Countering Unmanned Aircraft Systems

A Comprehensive Approach to Countering Unmanned Aircraft Systems

Drone Forensics

Courtesy of Digital Forensics Magazine

This article has been originally published in the Digital Forensics Magazine, Issue 34, February 2018.

By David Kovar, US, Unmanned & Robotics Systems Analysis (URSA)
By Joel Bollö, SWE, Micro Systemation AB (MSAB)


David Kovar and Joel Bollö explain how the growing use of Unmanned Aerial Vehicles (UAVs) creates new forensic challenges and opportunities for investigators.
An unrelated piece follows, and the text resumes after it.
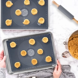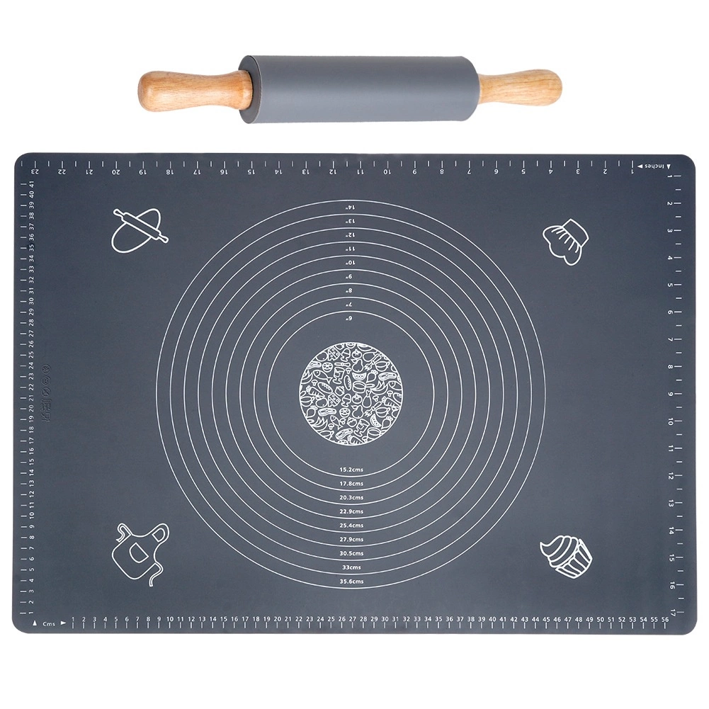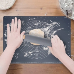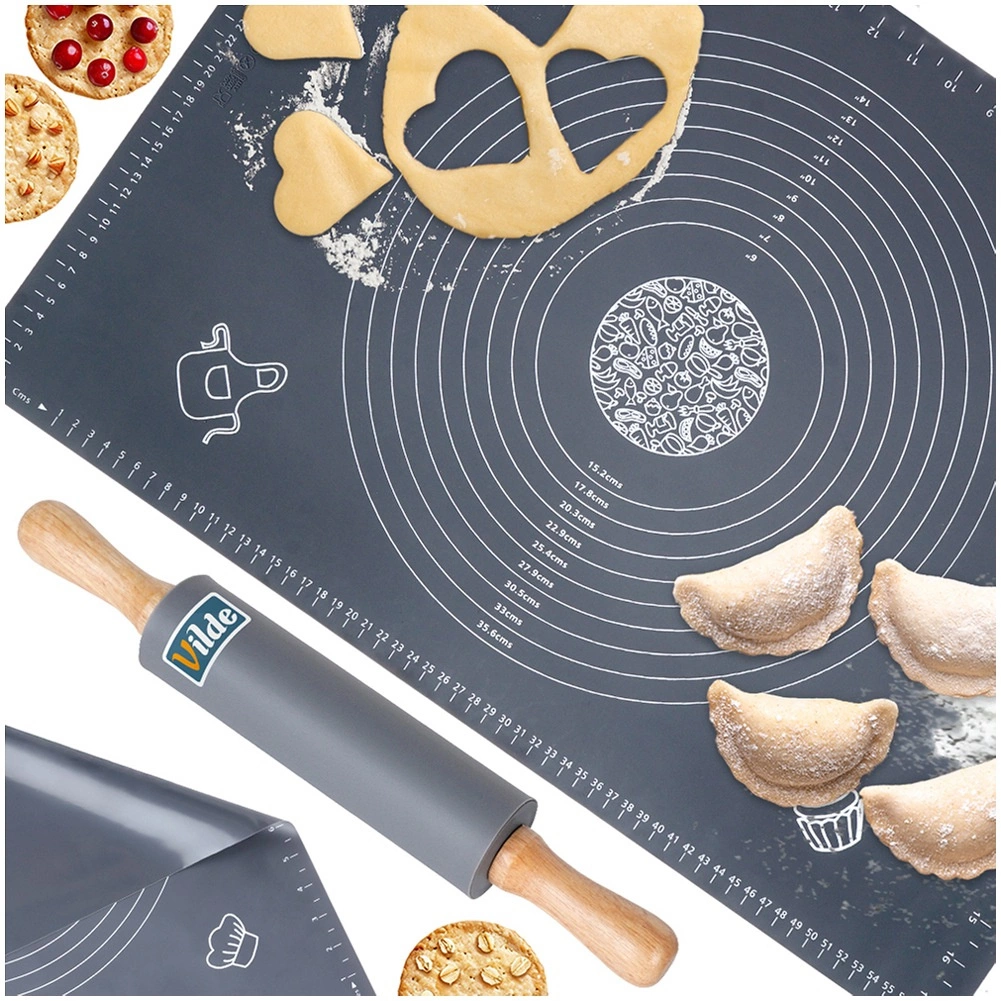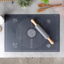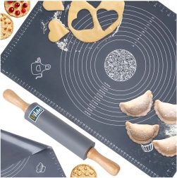 Ovaj univerzalni set od visokokvalitetnog silikona u elegantnoj sivoj boji idealan je za pripremu tijesta za pite, pizzu, kekse, tjesteninu i knedle. Podloga je neljepljiva i protuklizna, pa čvrsto stoji na radnoj plohi i tijesto se ne lijepi. Lako se čisti, ne upija mirise i brzo se suši.

The popularity of small UAVs (a.k.a. Drones) has been surging for several years now among both hobbyists and professionals in a range of industries, producing stunning videography, superb survey maps, and an increasing tempo of interference with manned aircraft operations.

But this growth has brought risks and threats as well. Malicious actors ranging from ISIS to drug cartels to local criminal organizations have also adopted these highly flexible and capable aircraft for their purposes. ISIS used off-the-shelf UAVs as early as 2014. A BBC article1 suggests that Her Majesty’s Prisons first saw drones overhead in 2013. A blog article2 states that Mexican drug cartels were researching home-built drones for drug deliveries in 2013 as well.
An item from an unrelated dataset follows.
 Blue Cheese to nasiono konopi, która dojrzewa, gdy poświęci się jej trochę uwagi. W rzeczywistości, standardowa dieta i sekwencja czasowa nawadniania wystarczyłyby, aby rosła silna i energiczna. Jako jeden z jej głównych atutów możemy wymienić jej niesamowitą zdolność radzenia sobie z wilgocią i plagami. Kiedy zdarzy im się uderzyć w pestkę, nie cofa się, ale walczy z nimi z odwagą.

Her Majesty’s Prisons reportedly investigated more than 160 drone-related incidents in the last eighteen months and a heavy lift consumer drone delivered 13 kg of methamphetamines in California late last year. A weaponized DJI Mavic was captured from a Mexican drug cartel months later.

Drones are a component in a larger system, an Unmanned Aerial System (UAS). Information relating to UAS sourcing, construction, tactics, and operations are created, stored, and transmitted throughout the UAS environment. Information resides in sensors, ‘black box’ log files, cell phones used as Ground Control Stations (GCS), and in NVRAMi on flight controllers, GPS chips and other difficult to access hardware. This data, when correctly extracted and accurately analyzed, provides valuable tactical and strategic intelligence about launch locations, flight profiles, and logistical and operational linkages.

It is important to remember that drones are not some strange new technology for which we require completely new tools and ways of thinking. Innovation is certainly required but it rests on existing forensic principles and techniques. Any drone can be broken down into component parts. Considered in this light, they are simply an instance of the Internet of Things (IoT) or a Cyber-Physical Engineered System (CPES), a network of sensors, storage, CPUs, and actuators with network connections that enable them to share data and control information. All of these components are involved in a complex, often real-time, flow of telemetry, sensor, and environmental data in clear text, binary, and encrypted formats.


The art and science of UAV forensics is at the point where mobile device forensics was 10 years ago.


So, a single drone is an IoT/CPES instance unto itself, several CPUs, a network and sensors all on board talking to external systems via network links. In most cases those external systems are a remote controller and the GCS, often a standard mobile device. Extending outward, a swarm of drones is a collection of inter-operating IoT/CPES instances. To understand the entire environment we need to break all of these instances down into component parts, CPUs, networks, sensors etc., establishing a foundation, and building a complete picture from the component parts. Many of those component parts are familiar to us, particularly the mobile devices used to control the drones.